Well.. s14's have a stiffer chassis... but i'd rather have the lighter car..


----------



## slo40 (Feb 11, 2004)

crzycav86 said:


> Well.. s14's have a stiffer chassis... but i'd rather have the lighter car..


Just weld the chasis seams and then some fender bars and your s13 will be a lot stiffer than any s14


----------



## drift240sxdragqueen (Oct 23, 2002)

which mkaes the S13 once again... better


----------



## slo40 (Feb 11, 2004)

The S13 seats sure do suck though and it sucks that they got the 4-bolt lug pattern going on. Although the S13 coupes sure do look awesome with a straight body and some enkeis


----------



## vsp3c (May 15, 2003)

slo40 said:


> Although the S13 coupes sure do look awesome with a straight body and some enkeis


enkeis?????????? 

go advan!!!!


----------



## RB26Maxima (Dec 6, 2003)

vsp3c said:


> enkeis??????????
> 
> go advan!!!!


or you can go Velox or advan they both look good to me especially at night with the black inner-rim and chrome outer-rim...YEA BUDDY


----------



## Kelso (Apr 29, 2003)

black with a polished lip you mean?...i think thats what ill get but i dunno what rims to get...


----------



## drift240sxdragqueen (Oct 23, 2002)

Volks TE37!!!!


----------



## RB26Maxima (Dec 6, 2003)

Kelso said:


> black with a polished lip you mean?...i think thats what ill get but i dunno what rims to get...

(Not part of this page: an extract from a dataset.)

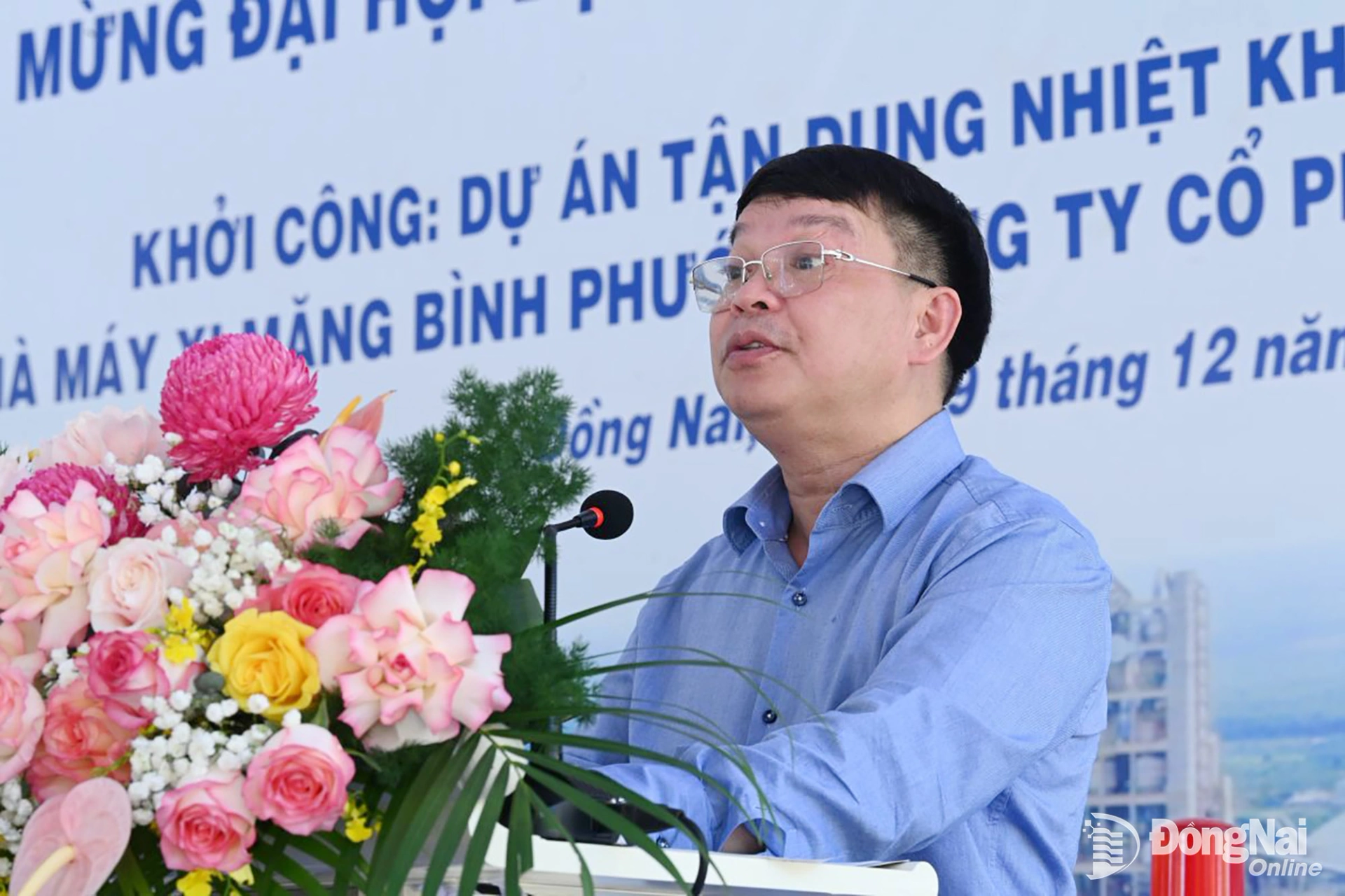 | Ông Nguyễn Quốc Việt, Ủy viên Ban Chấp hành Đảng ủy Chính phủ, Bí thư Đảng ủy, Chủ tịch Hội đồng thành viên Tổng công ty Xi măng Việt Nam phát biểu lại lễ khởi công. Ảnh: Trung Quang |

yea thats what i meant....my fault...haha i was kinda out of it when i replyed to that :cheers:


----------



## RB26Maxima (Dec 6, 2003)

Those are really nice lookin especially at night i use to have a pair


----------



## crash66030 (Feb 14, 2004)

can you guys tell me the difference between a s13 and s14 manual transmission. Is there a difference in length between the two? Thanks.


----------



## slo40 (Feb 11, 2004)

yeah but my parts car came with some black 15" enkeis and i am cheap so they look good enough for me and also i would much rather buy new 15"tires every couple months than like 16's or something stupid big


----------



## 180SX-X (Sep 21, 2003)

volk CE28N or Gram lights...nuff said.


----------



## RB26Maxima (Dec 6, 2003)

180SX-X said:


> volk CE28N or Gram lights...nuff said.


Those are also good canidates


----------



## 93blackSER (Feb 1, 2003)

Volk GT-Ns - gold with a polished lip, on my flat black car.......


----------



## RB26Maxima (Dec 6, 2003)

93blackSER said:


> Volk GT-Ns - gold with a polished lip, on my flat black car.......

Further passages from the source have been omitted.